▶ _Work task_: Return the material below exactly, but only from the line with "An interior shot" through the line with "- 170° Ultra-Wide-Angle", and without its pictures.

▶ _Dataset entries_:
########

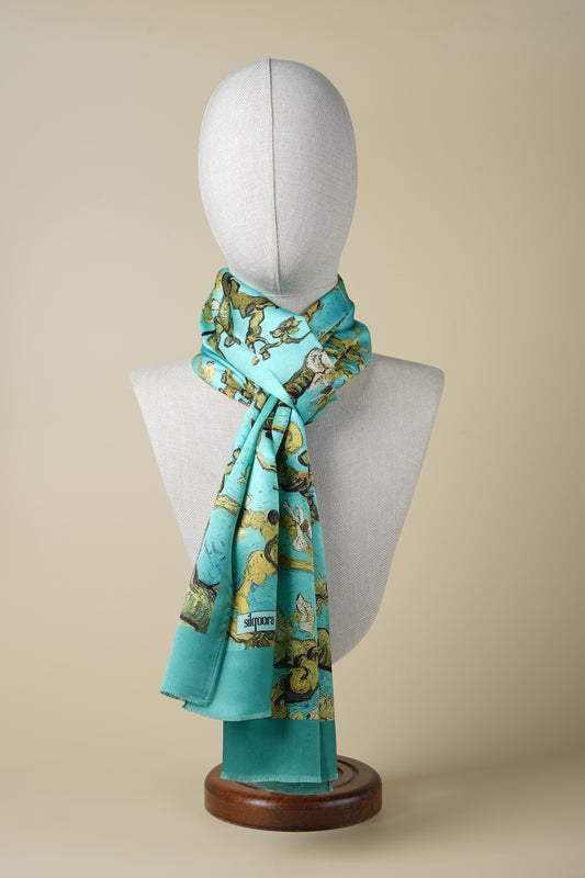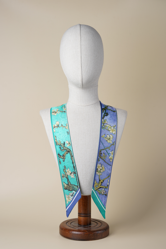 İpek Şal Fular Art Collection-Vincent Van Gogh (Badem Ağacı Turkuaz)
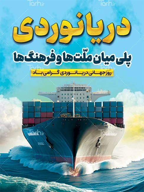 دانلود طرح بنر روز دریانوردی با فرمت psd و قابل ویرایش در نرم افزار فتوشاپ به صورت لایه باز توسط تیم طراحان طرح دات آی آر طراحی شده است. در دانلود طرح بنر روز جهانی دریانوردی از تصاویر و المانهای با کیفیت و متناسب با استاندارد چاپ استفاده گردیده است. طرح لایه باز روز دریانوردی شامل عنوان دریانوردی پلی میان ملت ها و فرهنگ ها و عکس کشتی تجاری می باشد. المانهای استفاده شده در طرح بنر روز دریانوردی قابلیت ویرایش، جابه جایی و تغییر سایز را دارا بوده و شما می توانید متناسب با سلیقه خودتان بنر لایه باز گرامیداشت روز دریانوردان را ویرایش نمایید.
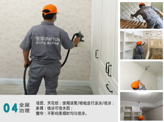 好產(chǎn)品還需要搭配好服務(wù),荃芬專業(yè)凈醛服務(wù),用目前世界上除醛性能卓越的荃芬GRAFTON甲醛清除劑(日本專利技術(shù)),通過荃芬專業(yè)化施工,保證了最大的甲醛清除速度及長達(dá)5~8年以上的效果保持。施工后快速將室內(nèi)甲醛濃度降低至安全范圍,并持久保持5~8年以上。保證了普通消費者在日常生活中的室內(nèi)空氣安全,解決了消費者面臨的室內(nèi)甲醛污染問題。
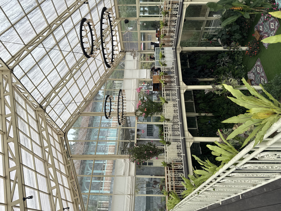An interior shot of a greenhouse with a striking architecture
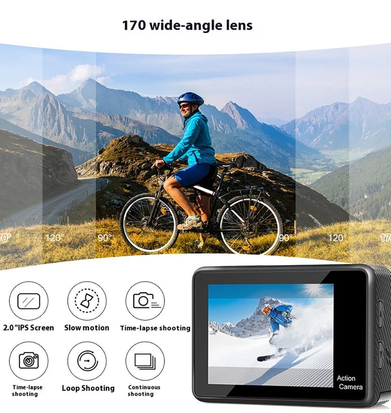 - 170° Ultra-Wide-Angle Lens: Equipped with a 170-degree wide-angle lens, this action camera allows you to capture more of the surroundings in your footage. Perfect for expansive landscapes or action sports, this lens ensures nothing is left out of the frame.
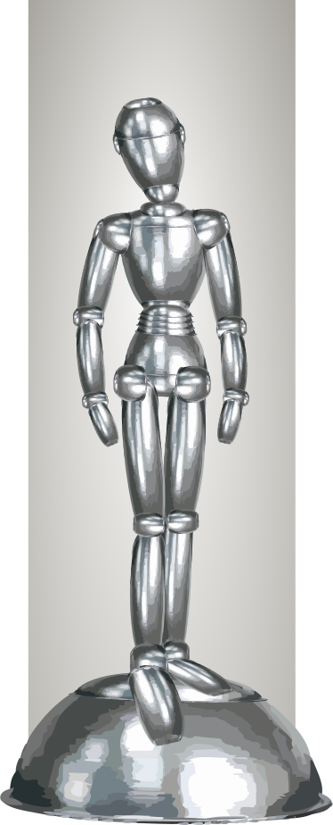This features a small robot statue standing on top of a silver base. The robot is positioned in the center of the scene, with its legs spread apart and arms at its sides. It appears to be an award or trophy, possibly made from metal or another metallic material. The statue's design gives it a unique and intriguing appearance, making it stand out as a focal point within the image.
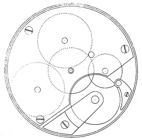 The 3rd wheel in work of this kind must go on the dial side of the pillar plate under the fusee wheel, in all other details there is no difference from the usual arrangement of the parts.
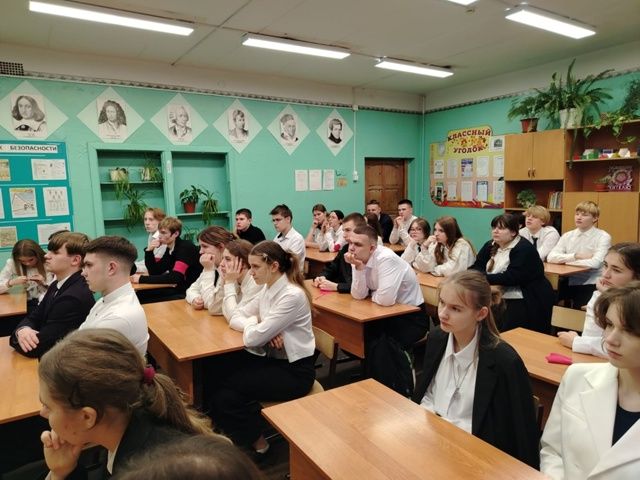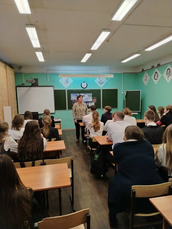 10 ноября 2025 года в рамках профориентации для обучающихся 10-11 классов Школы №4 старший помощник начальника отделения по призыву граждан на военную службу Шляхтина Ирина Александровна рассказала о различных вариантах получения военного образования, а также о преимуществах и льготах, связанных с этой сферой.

########

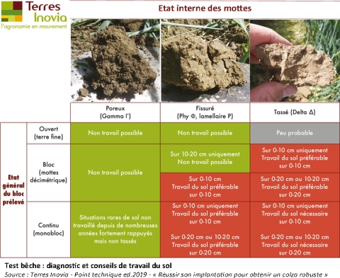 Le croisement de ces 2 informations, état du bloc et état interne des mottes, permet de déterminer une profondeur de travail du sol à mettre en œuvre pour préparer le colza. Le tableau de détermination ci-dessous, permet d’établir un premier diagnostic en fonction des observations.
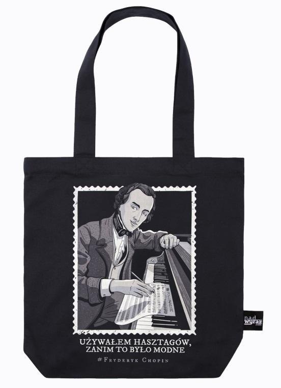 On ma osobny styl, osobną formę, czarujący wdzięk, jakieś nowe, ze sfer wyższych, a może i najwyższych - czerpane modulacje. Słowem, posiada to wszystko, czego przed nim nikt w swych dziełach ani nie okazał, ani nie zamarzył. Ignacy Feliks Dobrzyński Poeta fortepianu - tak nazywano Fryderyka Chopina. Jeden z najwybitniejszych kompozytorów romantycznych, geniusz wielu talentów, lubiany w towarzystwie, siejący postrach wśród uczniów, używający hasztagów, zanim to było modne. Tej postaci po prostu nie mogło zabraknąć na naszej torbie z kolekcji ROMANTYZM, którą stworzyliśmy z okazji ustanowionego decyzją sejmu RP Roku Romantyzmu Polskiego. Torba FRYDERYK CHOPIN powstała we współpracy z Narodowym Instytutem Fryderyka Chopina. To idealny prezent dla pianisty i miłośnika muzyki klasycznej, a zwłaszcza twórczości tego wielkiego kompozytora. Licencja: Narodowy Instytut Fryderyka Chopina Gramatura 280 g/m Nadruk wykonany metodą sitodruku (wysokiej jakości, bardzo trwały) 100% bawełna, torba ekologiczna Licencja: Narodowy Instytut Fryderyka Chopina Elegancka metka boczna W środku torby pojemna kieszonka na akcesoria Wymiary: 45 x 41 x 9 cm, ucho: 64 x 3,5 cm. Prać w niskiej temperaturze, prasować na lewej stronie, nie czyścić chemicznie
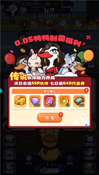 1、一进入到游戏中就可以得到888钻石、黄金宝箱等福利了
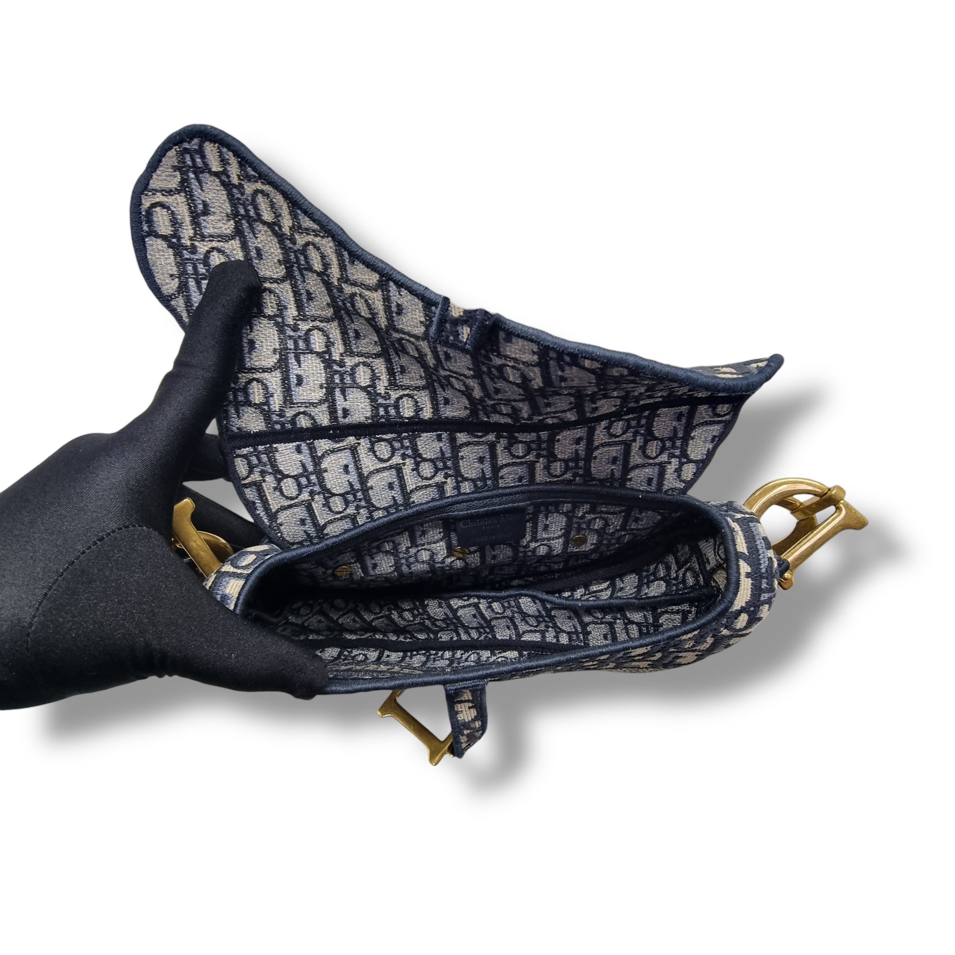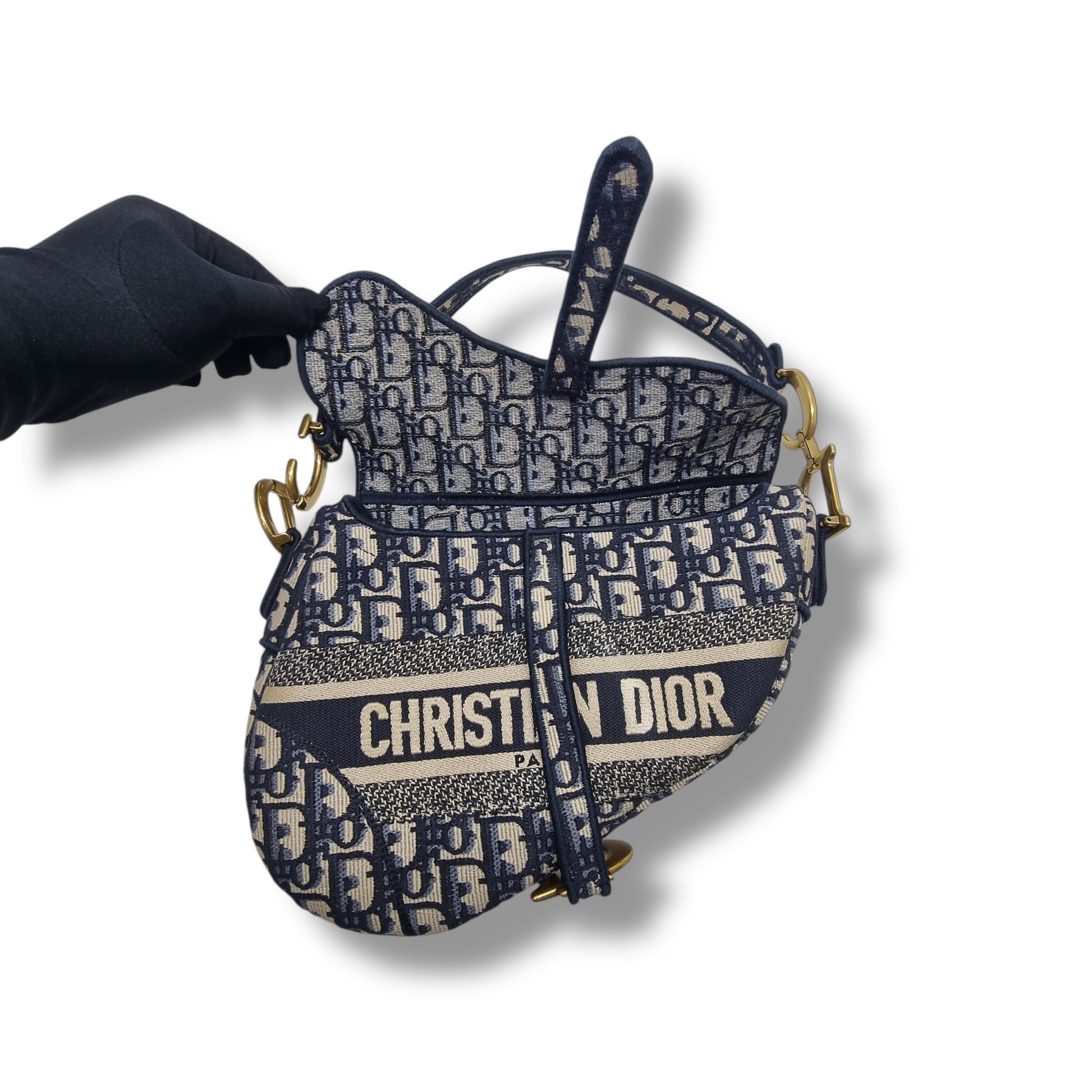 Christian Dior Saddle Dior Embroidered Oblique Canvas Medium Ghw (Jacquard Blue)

########

▶ _Answer to the exercise_:
An interior shot of a greenhouse with a striking architecture
 - 170° Ultra-Wide-Angle Lens: Equipped with a 170-degree wide-angle lens, this action camera allows you to capture more of the surroundings in your footage. Perfect for expansive landscapes or action sports, this lens ensures nothing is left out of the frame.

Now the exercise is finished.